- **WHAT IS NEEDED**:
Beginning with the line containing "男7人の旅。前日、海鮮物でし" and going on through the line containing "23]. As we will", the lines below are to be returned exactly, pictures excluded and nothing added.

____ INPUT FOR THIS TASK

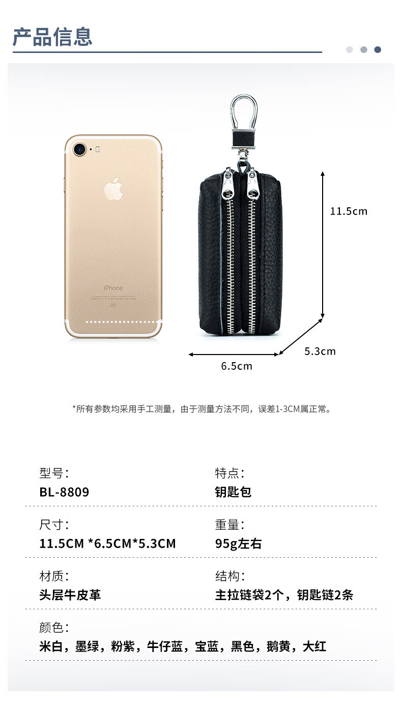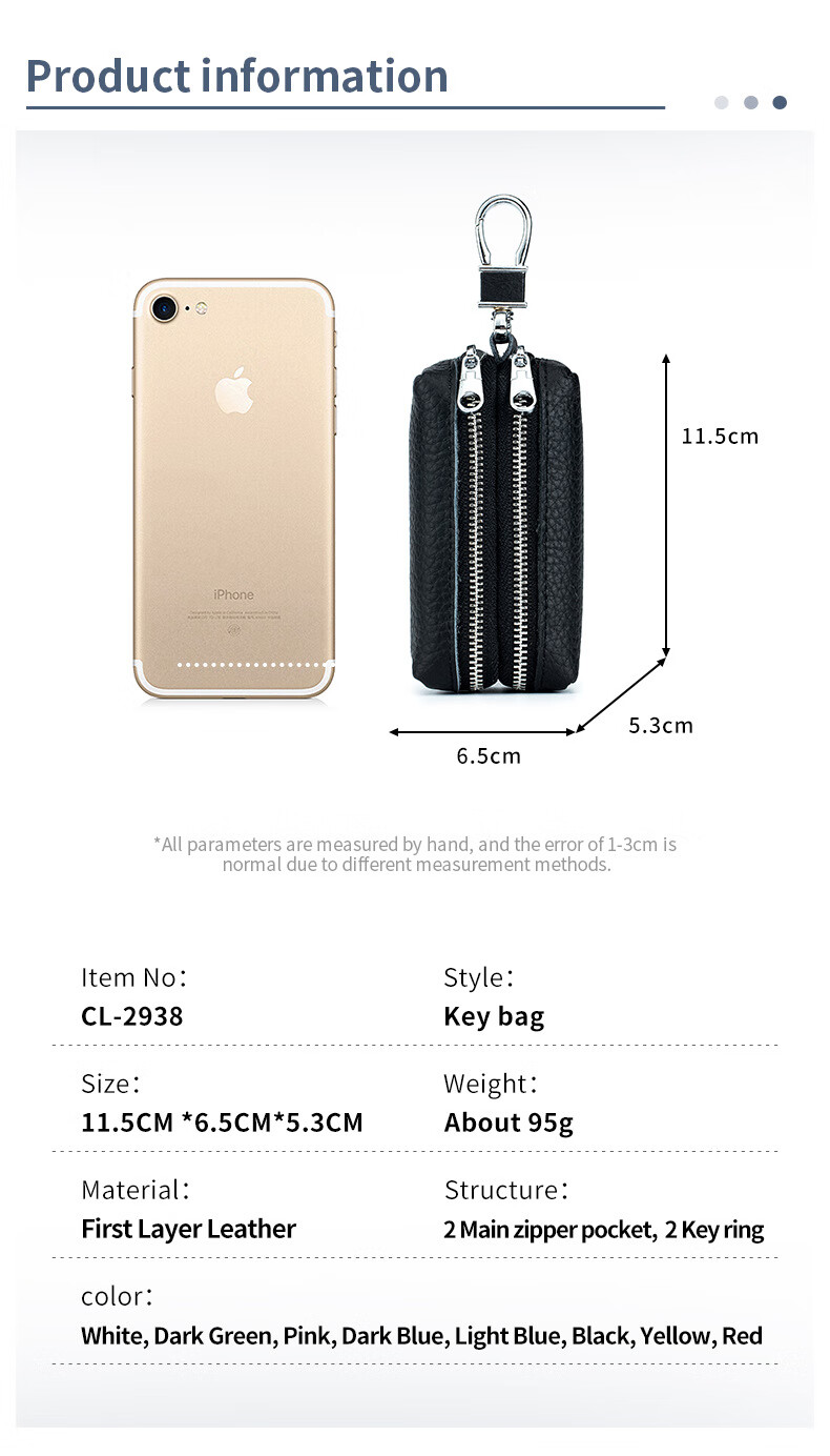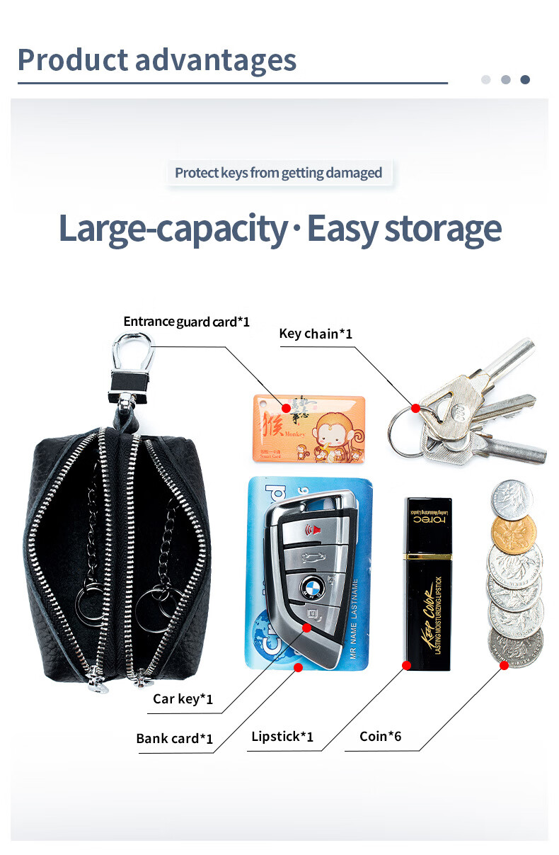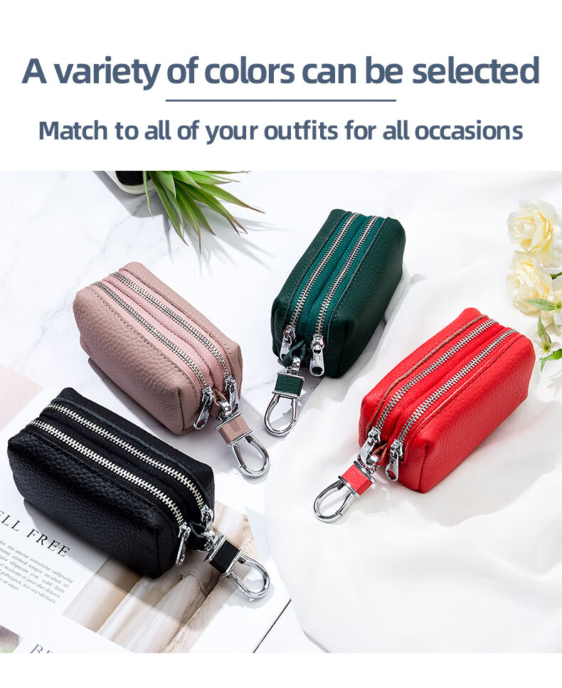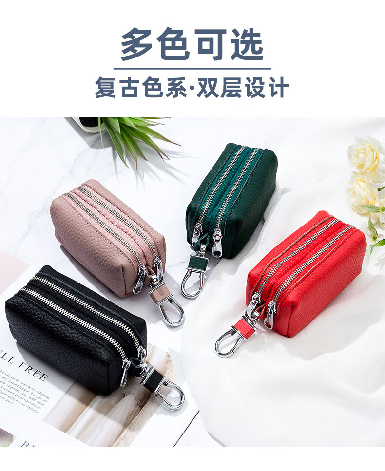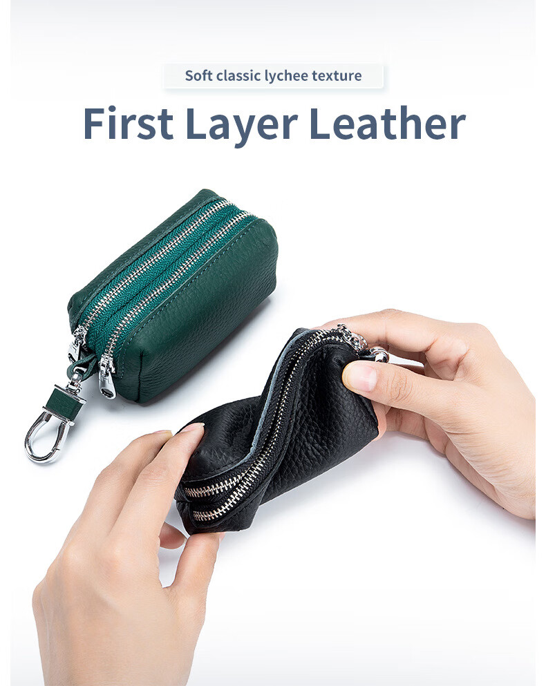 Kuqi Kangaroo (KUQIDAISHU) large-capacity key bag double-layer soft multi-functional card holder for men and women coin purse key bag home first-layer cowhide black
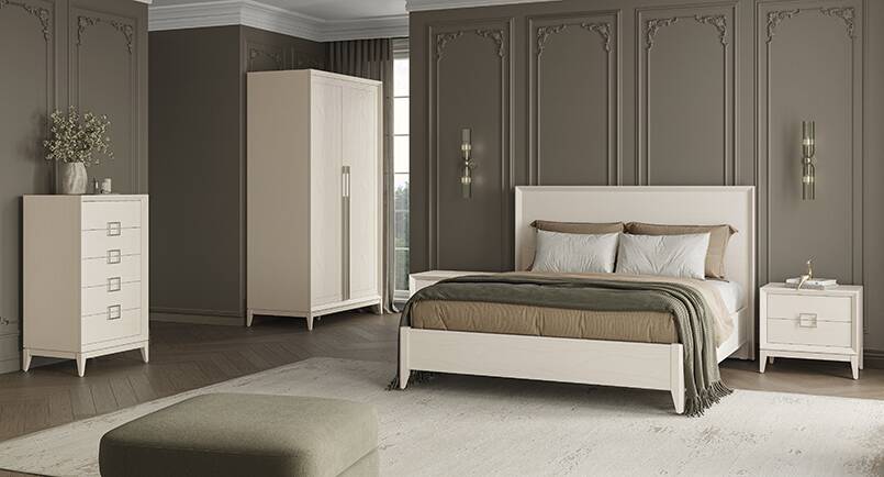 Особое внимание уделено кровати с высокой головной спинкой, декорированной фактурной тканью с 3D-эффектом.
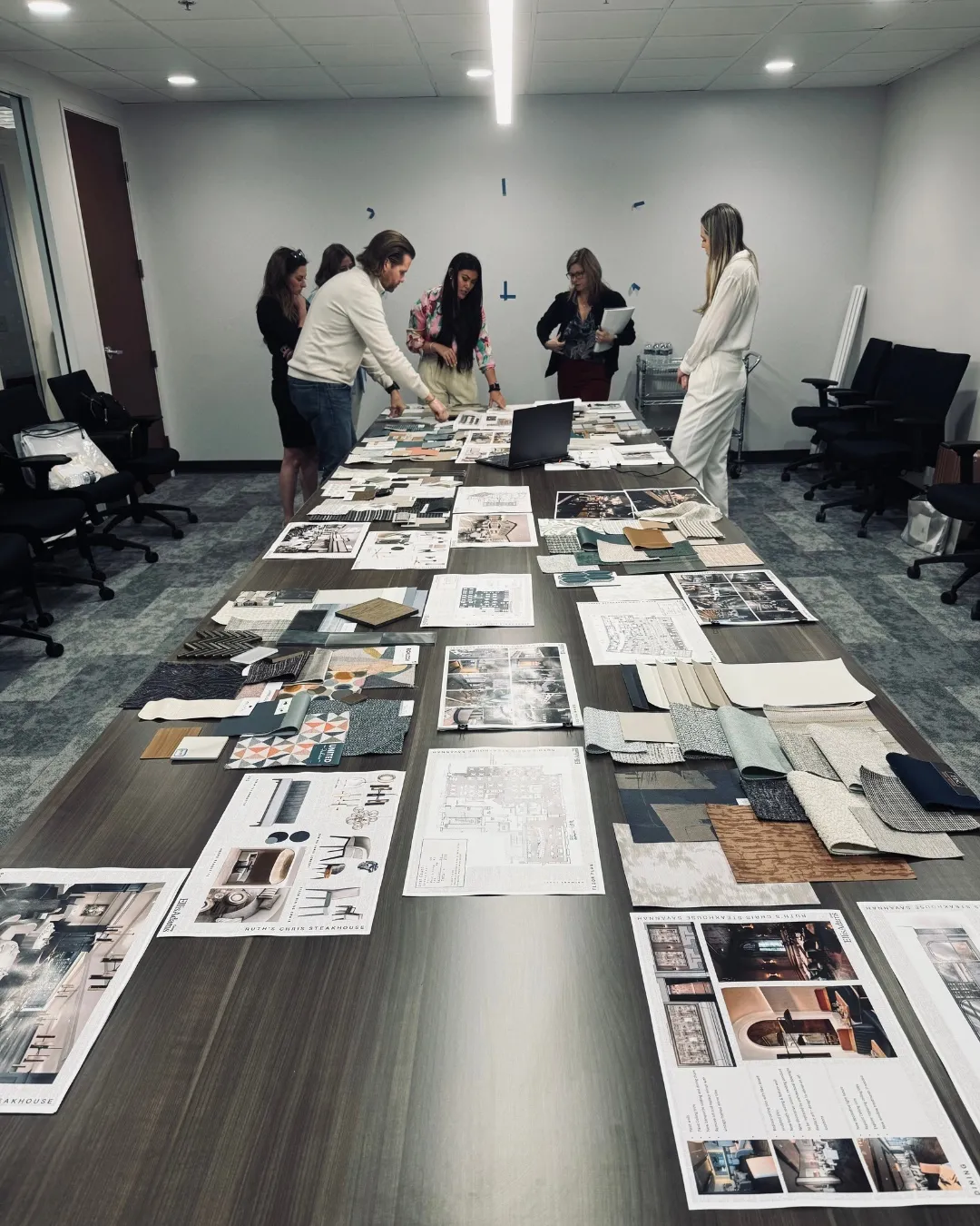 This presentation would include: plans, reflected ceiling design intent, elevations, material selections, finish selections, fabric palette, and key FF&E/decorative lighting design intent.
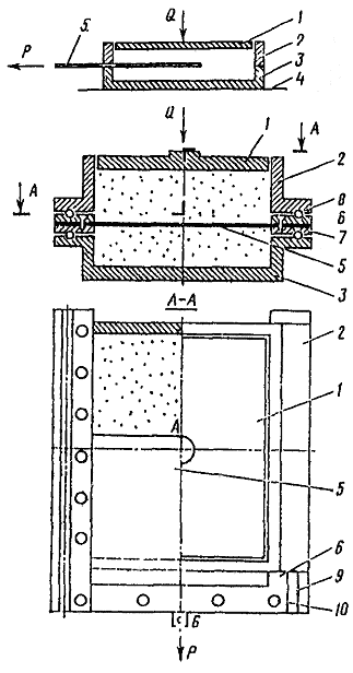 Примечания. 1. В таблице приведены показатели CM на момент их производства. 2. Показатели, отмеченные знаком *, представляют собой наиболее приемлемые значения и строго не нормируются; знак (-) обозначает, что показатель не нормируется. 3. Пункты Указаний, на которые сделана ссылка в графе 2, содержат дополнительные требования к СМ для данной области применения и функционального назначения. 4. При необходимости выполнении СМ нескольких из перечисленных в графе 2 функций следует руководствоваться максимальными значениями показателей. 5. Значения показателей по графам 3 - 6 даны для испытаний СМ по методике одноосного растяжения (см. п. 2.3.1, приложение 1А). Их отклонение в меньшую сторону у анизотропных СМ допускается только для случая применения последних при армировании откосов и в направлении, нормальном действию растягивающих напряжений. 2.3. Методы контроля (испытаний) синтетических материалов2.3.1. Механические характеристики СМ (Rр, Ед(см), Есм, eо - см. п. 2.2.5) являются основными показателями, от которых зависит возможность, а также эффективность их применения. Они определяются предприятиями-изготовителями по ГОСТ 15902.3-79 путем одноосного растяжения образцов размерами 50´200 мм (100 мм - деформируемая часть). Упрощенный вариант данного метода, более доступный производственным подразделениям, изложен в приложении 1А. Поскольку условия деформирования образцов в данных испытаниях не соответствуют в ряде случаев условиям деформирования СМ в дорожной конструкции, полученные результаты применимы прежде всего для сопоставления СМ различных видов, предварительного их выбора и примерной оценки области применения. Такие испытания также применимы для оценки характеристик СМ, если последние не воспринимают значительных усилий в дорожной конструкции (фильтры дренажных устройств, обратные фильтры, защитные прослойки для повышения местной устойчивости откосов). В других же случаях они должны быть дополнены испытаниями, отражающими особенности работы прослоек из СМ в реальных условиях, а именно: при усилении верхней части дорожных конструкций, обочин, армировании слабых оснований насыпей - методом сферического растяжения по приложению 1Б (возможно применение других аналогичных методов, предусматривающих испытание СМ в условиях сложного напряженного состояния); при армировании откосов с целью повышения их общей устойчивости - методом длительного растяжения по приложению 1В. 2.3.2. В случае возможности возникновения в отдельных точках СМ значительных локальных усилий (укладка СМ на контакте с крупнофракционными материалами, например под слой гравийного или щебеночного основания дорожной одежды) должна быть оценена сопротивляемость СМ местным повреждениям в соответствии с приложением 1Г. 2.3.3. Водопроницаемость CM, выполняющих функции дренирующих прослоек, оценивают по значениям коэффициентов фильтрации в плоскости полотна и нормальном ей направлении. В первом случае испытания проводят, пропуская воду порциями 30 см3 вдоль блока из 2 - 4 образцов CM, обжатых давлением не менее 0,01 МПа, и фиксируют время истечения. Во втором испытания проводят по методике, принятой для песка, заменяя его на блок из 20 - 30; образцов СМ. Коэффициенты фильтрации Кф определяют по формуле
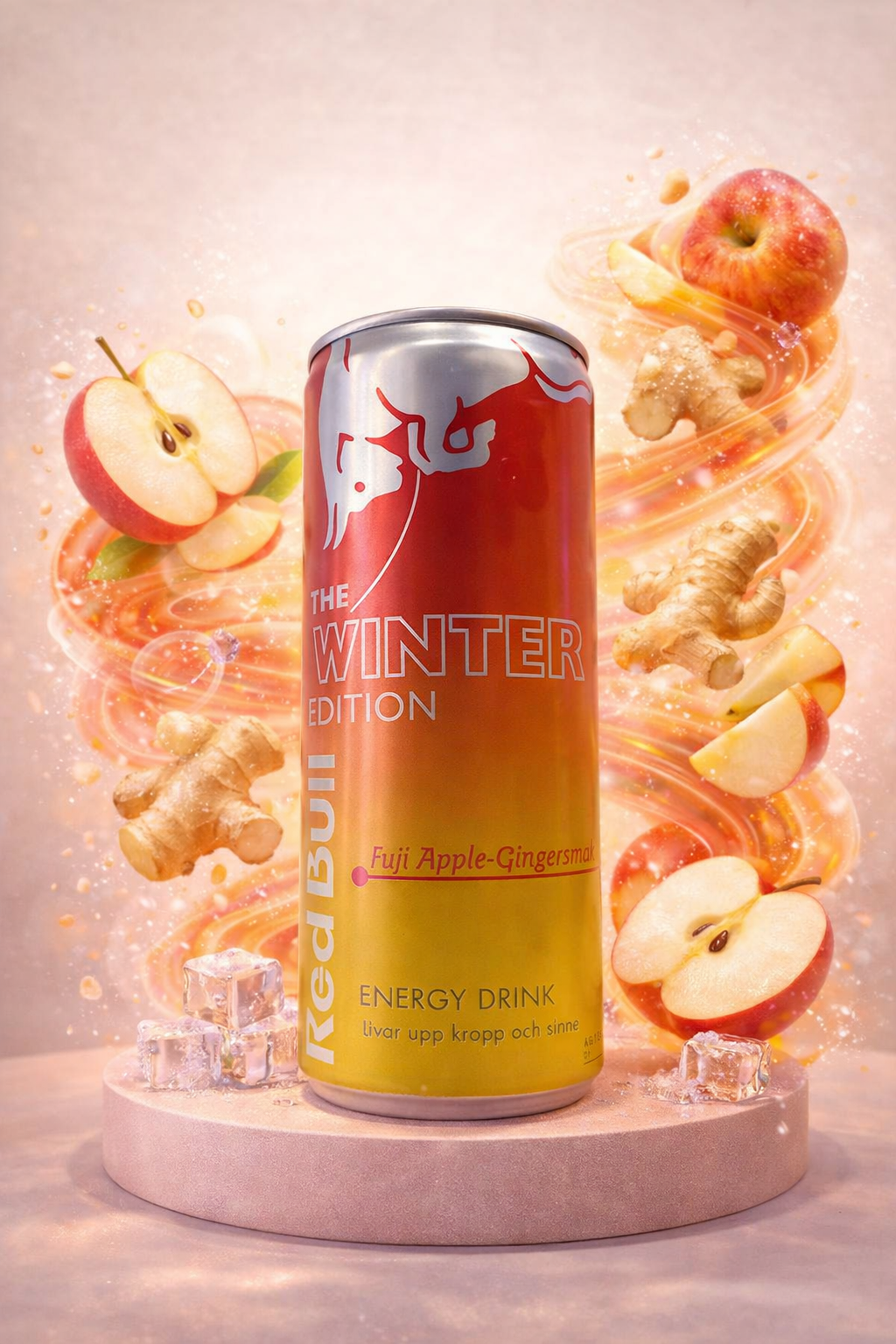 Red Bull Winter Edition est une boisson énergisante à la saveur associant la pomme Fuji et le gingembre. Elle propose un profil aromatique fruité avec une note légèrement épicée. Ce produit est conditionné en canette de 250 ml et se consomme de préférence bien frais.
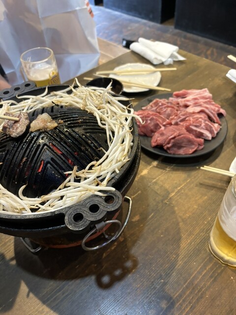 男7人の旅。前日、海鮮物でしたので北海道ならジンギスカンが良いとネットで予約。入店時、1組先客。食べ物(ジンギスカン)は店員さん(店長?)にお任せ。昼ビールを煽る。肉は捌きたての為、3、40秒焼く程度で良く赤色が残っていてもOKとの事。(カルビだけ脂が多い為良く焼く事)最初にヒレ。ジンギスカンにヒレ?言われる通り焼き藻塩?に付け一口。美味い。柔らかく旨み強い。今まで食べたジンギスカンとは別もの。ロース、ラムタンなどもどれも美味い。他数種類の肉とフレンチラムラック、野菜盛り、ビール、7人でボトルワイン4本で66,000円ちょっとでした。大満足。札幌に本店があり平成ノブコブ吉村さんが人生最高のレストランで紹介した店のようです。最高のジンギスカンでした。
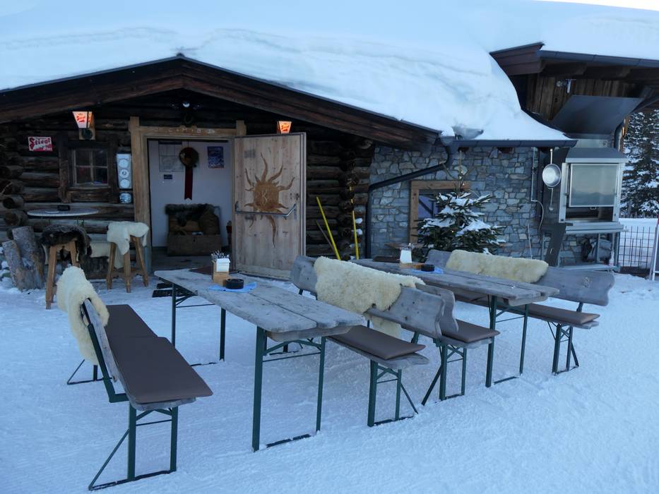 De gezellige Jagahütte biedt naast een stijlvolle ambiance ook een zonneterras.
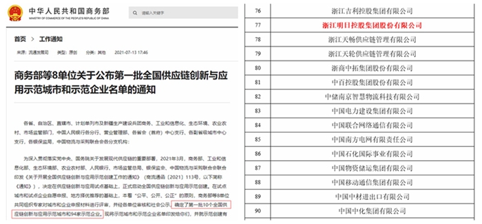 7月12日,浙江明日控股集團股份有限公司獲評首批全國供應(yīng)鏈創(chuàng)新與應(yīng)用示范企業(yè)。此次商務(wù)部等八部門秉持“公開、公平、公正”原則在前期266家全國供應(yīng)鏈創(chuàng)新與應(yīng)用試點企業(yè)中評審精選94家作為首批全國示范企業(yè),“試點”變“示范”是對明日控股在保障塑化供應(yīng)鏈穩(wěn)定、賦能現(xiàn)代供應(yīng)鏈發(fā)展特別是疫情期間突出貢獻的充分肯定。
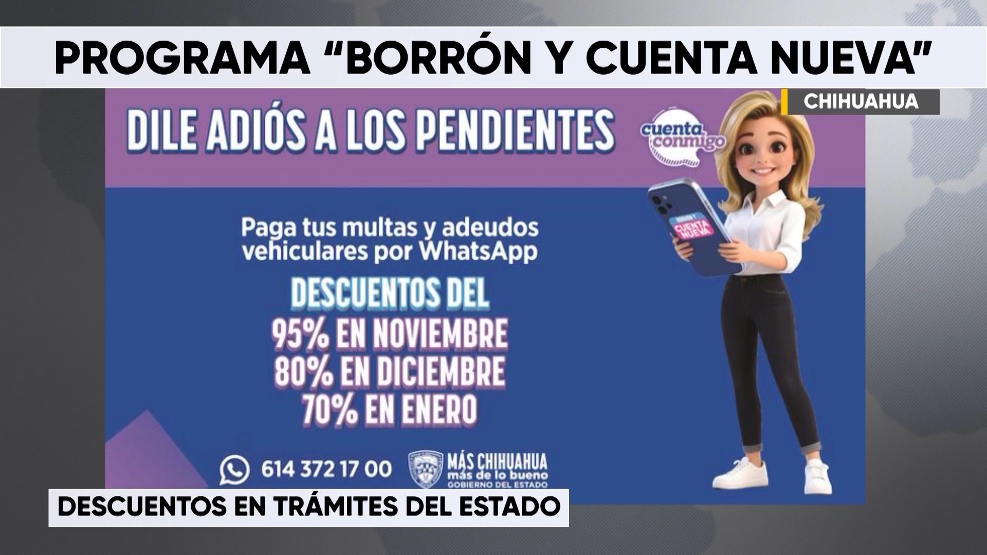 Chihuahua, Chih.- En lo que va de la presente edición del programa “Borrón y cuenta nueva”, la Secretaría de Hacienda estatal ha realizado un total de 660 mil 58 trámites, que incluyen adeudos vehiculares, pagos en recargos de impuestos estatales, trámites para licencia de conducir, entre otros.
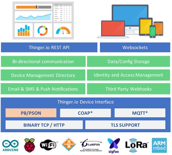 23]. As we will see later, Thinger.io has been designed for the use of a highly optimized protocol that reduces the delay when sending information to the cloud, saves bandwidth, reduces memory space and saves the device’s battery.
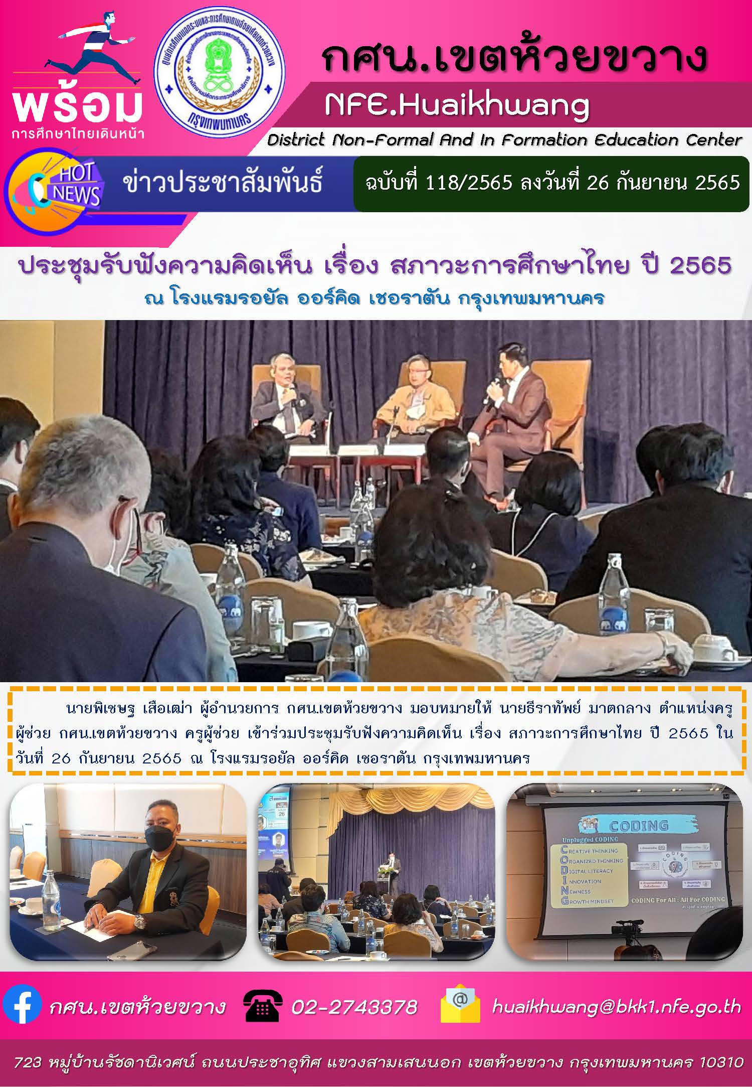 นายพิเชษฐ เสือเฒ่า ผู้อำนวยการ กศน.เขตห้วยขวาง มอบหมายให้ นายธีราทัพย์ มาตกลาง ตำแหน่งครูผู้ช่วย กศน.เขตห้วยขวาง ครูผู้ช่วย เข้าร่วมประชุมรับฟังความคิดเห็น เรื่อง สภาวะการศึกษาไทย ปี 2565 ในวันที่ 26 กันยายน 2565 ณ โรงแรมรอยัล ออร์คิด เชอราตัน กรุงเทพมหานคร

________

- **WRITTEN RESPONSE**:
 男7人の旅。前日、海鮮物でしたので北海道ならジンギスカンが良いとネットで予約。入店時、1組先客。食べ物(ジンギスカン)は店員さん(店長?)にお任せ。昼ビールを煽る。肉は捌きたての為、3、40秒焼く程度で良く赤色が残っていてもOKとの事。(カルビだけ脂が多い為良く焼く事)最初にヒレ。ジンギスカンにヒレ?言われる通り焼き藻塩?に付け一口。美味い。柔らかく旨み強い。今まで食べたジンギスカンとは別もの。ロース、ラムタンなどもどれも美味い。他数種類の肉とフレンチラムラック、野菜盛り、ビール、7人でボトルワイン4本で66,000円ちょっとでした。大満足。札幌に本店があり平成ノブコブ吉村さんが人生最高のレストランで紹介した店のようです。最高のジンギスカンでした。
 De gezellige Jagahütte biedt naast een stijlvolle ambiance ook een zonneterras.
 7月12日,浙江明日控股集團股份有限公司獲評首批全國供應(yīng)鏈創(chuàng)新與應(yīng)用示范企業(yè)。此次商務(wù)部等八部門秉持“公開、公平、公正”原則在前期266家全國供應(yīng)鏈創(chuàng)新與應(yīng)用試點企業(yè)中評審精選94家作為首批全國示范企業(yè),“試點”變“示范”是對明日控股在保障塑化供應(yīng)鏈穩(wěn)定、賦能現(xiàn)代供應(yīng)鏈發(fā)展特別是疫情期間突出貢獻的充分肯定。
 Chihuahua, Chih.- En lo que va de la presente edición del programa “Borrón y cuenta nueva”, la Secretaría de Hacienda estatal ha realizado un total de 660 mil 58 trámites, que incluyen adeudos vehiculares, pagos en recargos de impuestos estatales, trámites para licencia de conducir, entre otros.
 23]. As we will see later, Thinger.io has been designed for the use of a highly optimized protocol that reduces the delay when sending information to the cloud, saves bandwidth, reduces memory space and saves the device’s battery.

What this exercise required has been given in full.